[DATA Boundary: Start]
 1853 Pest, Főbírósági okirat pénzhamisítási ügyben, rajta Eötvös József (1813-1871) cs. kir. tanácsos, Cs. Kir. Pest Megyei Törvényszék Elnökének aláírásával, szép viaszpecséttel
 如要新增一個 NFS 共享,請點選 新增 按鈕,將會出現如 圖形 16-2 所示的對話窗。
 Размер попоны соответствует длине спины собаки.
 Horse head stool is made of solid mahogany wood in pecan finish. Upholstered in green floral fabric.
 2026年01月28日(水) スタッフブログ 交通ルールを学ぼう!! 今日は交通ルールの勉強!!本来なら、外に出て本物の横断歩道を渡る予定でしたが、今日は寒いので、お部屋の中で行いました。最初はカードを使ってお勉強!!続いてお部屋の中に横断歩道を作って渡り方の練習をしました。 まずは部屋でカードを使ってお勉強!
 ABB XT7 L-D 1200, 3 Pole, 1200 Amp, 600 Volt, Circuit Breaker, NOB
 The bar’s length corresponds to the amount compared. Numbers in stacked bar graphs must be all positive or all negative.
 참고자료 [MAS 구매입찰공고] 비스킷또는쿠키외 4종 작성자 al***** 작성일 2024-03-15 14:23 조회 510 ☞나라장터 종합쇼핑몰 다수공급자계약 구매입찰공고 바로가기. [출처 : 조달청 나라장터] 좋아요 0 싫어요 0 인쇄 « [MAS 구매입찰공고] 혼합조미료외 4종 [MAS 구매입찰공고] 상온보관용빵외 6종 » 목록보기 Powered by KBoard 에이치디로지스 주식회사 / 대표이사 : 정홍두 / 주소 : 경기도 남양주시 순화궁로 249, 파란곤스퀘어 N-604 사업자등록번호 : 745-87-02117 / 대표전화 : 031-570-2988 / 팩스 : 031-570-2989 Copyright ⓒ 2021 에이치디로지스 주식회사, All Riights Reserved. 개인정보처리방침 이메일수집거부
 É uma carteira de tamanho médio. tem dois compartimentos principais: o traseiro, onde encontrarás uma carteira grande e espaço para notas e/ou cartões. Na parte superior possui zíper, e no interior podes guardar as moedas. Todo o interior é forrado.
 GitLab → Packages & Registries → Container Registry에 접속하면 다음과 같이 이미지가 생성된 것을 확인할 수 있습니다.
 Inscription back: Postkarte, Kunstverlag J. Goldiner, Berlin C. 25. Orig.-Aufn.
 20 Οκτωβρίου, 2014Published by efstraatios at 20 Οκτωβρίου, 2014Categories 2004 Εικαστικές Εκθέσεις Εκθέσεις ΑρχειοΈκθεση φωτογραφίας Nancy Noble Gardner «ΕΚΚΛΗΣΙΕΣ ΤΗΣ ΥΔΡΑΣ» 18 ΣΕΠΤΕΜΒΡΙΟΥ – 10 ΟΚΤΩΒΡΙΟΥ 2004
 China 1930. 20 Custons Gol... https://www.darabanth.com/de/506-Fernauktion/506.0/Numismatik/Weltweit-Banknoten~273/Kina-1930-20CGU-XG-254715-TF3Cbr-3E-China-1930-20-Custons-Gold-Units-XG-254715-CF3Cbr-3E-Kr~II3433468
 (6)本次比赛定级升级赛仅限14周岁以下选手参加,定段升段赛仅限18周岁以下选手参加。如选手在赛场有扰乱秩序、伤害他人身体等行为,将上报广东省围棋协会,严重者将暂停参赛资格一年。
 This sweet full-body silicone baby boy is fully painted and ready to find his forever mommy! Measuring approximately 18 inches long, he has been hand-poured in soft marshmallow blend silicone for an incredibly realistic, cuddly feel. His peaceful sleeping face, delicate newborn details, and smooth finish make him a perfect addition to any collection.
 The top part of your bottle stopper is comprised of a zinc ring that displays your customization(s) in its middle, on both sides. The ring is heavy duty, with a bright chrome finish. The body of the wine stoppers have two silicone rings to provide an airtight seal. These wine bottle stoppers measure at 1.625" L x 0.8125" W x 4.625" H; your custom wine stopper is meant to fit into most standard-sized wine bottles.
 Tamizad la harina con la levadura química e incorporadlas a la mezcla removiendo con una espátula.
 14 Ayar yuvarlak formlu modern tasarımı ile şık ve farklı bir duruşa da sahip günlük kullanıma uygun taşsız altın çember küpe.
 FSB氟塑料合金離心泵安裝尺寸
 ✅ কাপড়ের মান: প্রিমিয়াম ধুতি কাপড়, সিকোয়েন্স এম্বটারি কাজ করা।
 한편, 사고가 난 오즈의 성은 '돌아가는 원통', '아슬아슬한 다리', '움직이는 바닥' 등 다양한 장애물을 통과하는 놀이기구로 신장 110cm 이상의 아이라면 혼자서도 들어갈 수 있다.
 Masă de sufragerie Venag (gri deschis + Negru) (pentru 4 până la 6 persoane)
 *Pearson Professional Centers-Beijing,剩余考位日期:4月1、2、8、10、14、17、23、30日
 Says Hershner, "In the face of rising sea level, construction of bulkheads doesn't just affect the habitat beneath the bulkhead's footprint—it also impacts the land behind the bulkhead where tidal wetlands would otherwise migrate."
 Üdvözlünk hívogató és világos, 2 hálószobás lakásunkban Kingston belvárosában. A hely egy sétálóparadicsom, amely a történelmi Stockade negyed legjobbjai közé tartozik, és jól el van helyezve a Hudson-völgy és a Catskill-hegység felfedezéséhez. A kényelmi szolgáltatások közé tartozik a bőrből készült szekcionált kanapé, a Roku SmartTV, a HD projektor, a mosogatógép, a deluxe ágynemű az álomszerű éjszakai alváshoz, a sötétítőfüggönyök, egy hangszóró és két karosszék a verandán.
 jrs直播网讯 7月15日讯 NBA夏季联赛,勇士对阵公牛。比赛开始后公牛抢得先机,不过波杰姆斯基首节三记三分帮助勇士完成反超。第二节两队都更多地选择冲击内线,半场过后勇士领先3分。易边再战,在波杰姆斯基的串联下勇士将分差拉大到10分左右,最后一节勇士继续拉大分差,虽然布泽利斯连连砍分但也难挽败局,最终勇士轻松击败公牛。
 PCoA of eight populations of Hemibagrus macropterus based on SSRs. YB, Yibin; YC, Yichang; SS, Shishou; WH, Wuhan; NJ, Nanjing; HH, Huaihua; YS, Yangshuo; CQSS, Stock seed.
[DATA Boundary: End]
**WHAT THE TASK REQUIRES**:
Copy each entry above exactly, leaving nothing out.

**WRITTEN SOLUTION**:
 1853 Pest, Főbírósági okirat pénzhamisítási ügyben, rajta Eötvös József (1813-1871) cs. kir. tanácsos, Cs. Kir. Pest Megyei Törvényszék Elnökének aláírásával, szép viaszpecséttel
 如要新增一個 NFS 共享,請點選 新增 按鈕,將會出現如 圖形 16-2 所示的對話窗。
 Размер попоны соответствует длине спины собаки.
 Horse head stool is made of solid mahogany wood in pecan finish. Upholstered in green floral fabric.
 2026年01月28日(水) スタッフブログ 交通ルールを学ぼう!! 今日は交通ルールの勉強!!本来なら、外に出て本物の横断歩道を渡る予定でしたが、今日は寒いので、お部屋の中で行いました。最初はカードを使ってお勉強!!続いてお部屋の中に横断歩道を作って渡り方の練習をしました。 まずは部屋でカードを使ってお勉強!
 ABB XT7 L-D 1200, 3 Pole, 1200 Amp, 600 Volt, Circuit Breaker, NOB
 The bar’s length corresponds to the amount compared. Numbers in stacked bar graphs must be all positive or all negative.
 참고자료 [MAS 구매입찰공고] 비스킷또는쿠키외 4종 작성자 al***** 작성일 2024-03-15 14:23 조회 510 ☞나라장터 종합쇼핑몰 다수공급자계약 구매입찰공고 바로가기. [출처 : 조달청 나라장터] 좋아요 0 싫어요 0 인쇄 « [MAS 구매입찰공고] 혼합조미료외 4종 [MAS 구매입찰공고] 상온보관용빵외 6종 » 목록보기 Powered by KBoard 에이치디로지스 주식회사 / 대표이사 : 정홍두 / 주소 : 경기도 남양주시 순화궁로 249, 파란곤스퀘어 N-604 사업자등록번호 : 745-87-02117 / 대표전화 : 031-570-2988 / 팩스 : 031-570-2989 Copyright ⓒ 2021 에이치디로지스 주식회사, All Riights Reserved. 개인정보처리방침 이메일수집거부
 É uma carteira de tamanho médio. tem dois compartimentos principais: o traseiro, onde encontrarás uma carteira grande e espaço para notas e/ou cartões. Na parte superior possui zíper, e no interior podes guardar as moedas. Todo o interior é forrado.
 GitLab → Packages & Registries → Container Registry에 접속하면 다음과 같이 이미지가 생성된 것을 확인할 수 있습니다.
 Inscription back: Postkarte, Kunstverlag J. Goldiner, Berlin C. 25. Orig.-Aufn.
 20 Οκτωβρίου, 2014Published by efstraatios at 20 Οκτωβρίου, 2014Categories 2004 Εικαστικές Εκθέσεις Εκθέσεις ΑρχειοΈκθεση φωτογραφίας Nancy Noble Gardner «ΕΚΚΛΗΣΙΕΣ ΤΗΣ ΥΔΡΑΣ» 18 ΣΕΠΤΕΜΒΡΙΟΥ – 10 ΟΚΤΩΒΡΙΟΥ 2004
 China 1930. 20 Custons Gol... https://www.darabanth.com/de/506-Fernauktion/506.0/Numismatik/Weltweit-Banknoten~273/Kina-1930-20CGU-XG-254715-TF3Cbr-3E-China-1930-20-Custons-Gold-Units-XG-254715-CF3Cbr-3E-Kr~II3433468
 (6)本次比赛定级升级赛仅限14周岁以下选手参加,定段升段赛仅限18周岁以下选手参加。如选手在赛场有扰乱秩序、伤害他人身体等行为,将上报广东省围棋协会,严重者将暂停参赛资格一年。
 This sweet full-body silicone baby boy is fully painted and ready to find his forever mommy! Measuring approximately 18 inches long, he has been hand-poured in soft marshmallow blend silicone for an incredibly realistic, cuddly feel. His peaceful sleeping face, delicate newborn details, and smooth finish make him a perfect addition to any collection.
 The top part of your bottle stopper is comprised of a zinc ring that displays your customization(s) in its middle, on both sides. The ring is heavy duty, with a bright chrome finish. The body of the wine stoppers have two silicone rings to provide an airtight seal. These wine bottle stoppers measure at 1.625" L x 0.8125" W x 4.625" H; your custom wine stopper is meant to fit into most standard-sized wine bottles.
 Tamizad la harina con la levadura química e incorporadlas a la mezcla removiendo con una espátula.
 14 Ayar yuvarlak formlu modern tasarımı ile şık ve farklı bir duruşa da sahip günlük kullanıma uygun taşsız altın çember küpe.
 FSB氟塑料合金離心泵安裝尺寸
 ✅ কাপড়ের মান: প্রিমিয়াম ধুতি কাপড়, সিকোয়েন্স এম্বটারি কাজ করা।
 한편, 사고가 난 오즈의 성은 '돌아가는 원통', '아슬아슬한 다리', '움직이는 바닥' 등 다양한 장애물을 통과하는 놀이기구로 신장 110cm 이상의 아이라면 혼자서도 들어갈 수 있다.
 Masă de sufragerie Venag (gri deschis + Negru) (pentru 4 până la 6 persoane)
 *Pearson Professional Centers-Beijing,剩余考位日期:4月1、2、8、10、14、17、23、30日
 Says Hershner, "In the face of rising sea level, construction of bulkheads doesn't just affect the habitat beneath the bulkhead's footprint—it also impacts the land behind the bulkhead where tidal wetlands would otherwise migrate."
 Üdvözlünk hívogató és világos, 2 hálószobás lakásunkban Kingston belvárosában. A hely egy sétálóparadicsom, amely a történelmi Stockade negyed legjobbjai közé tartozik, és jól el van helyezve a Hudson-völgy és a Catskill-hegység felfedezéséhez. A kényelmi szolgáltatások közé tartozik a bőrből készült szekcionált kanapé, a Roku SmartTV, a HD projektor, a mosogatógép, a deluxe ágynemű az álomszerű éjszakai alváshoz, a sötétítőfüggönyök, egy hangszóró és két karosszék a verandán.
 jrs直播网讯 7月15日讯 NBA夏季联赛,勇士对阵公牛。比赛开始后公牛抢得先机,不过波杰姆斯基首节三记三分帮助勇士完成反超。第二节两队都更多地选择冲击内线,半场过后勇士领先3分。易边再战,在波杰姆斯基的串联下勇士将分差拉大到10分左右,最后一节勇士继续拉大分差,虽然布泽利斯连连砍分但也难挽败局,最终勇士轻松击败公牛。
 PCoA of eight populations of Hemibagrus macropterus based on SSRs. YB, Yibin; YC, Yichang; SS, Shishou; WH, Wuhan; NJ, Nanjing; HH, Huaihua; YS, Yangshuo; CQSS, Stock seed.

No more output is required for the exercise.